The Ad Age Automotive Special Report


Automakers Grapple With Market Glut of New Products

By Published on .

DETROIT ( -- Too many new vehicles, not enough buyers.

Experts have talked about overcapacity in the auto industry for years. But in 2004, carmakers are adding even

more to this product traffic jam. Asian transplants, including Nissan North America and Toyota Motor Sales USA, have just added production capacity at U.S. plants. South Korea's Hyundai is readying its first U.S. plant. Detroit's carmakers have been reluctant to trim production at their plants.

Competition in every area
The auto industry is facing hotter competition this year as virtually every player seems to want to compete in every area. Detroit is even battling to retain leadership in the full-size pickup market, which it always dominated. But Toyota and Nissan finally have serious contenders in the segment.

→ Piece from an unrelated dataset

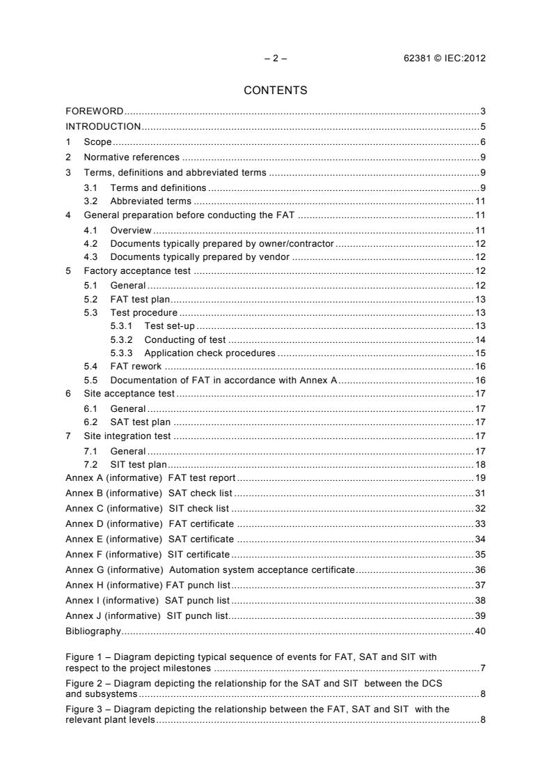 IEC 62381:2012 defines the procedures and specifications for the Factory Acceptance Test (FAT), the Site Acceptance Test (SAT), and the Site Integration Test (SIT). These tests are carried out to prove that the automation system is in accordance with the specification. The description of activities given in this standard can be taken as a guideline and adapted to the specific requirements of the process, plant or equipment. This second edition cancels and replaces the first edition published in 2006. This edition constitutes a technical revision. The main changes with respect to the previous edition are: The definition of the documents mentioned in this standard is in accordance with future IEC 62708.

All the carmakers want to increase vehicle sales while trying to maintain decent profit margins. But some companies haven't done as well as others in the early months of 2004, traditionally the slowest selling period for the industry. Still, total sales in January and February rose slightly from the same months in 2003. Not all the automakers enjoyed increased sales -- a continuation of their nagging problems from 2003.

Detroit carmakers are finally reacting beyond crosstown rivals. General Motors Corp., Ford Motor Co. and DaimlerChrysler's Chrysler Group all have a slew of new models this year in a major offensive against the imports.

Buyers' market
It's still generally a buyers' market because the car companies are still reluctantly playing the incentives game, which they would like to see disappear.

The pain of squeezed profit margins isn't just being felt in Detroit. Several importers are battling back from big sales drops in the past year and must do it without new product, the industry's golden goose.

The big question is whether consumers will keep buying new vehicles even with the sluggish economy and lingering questions over the job market.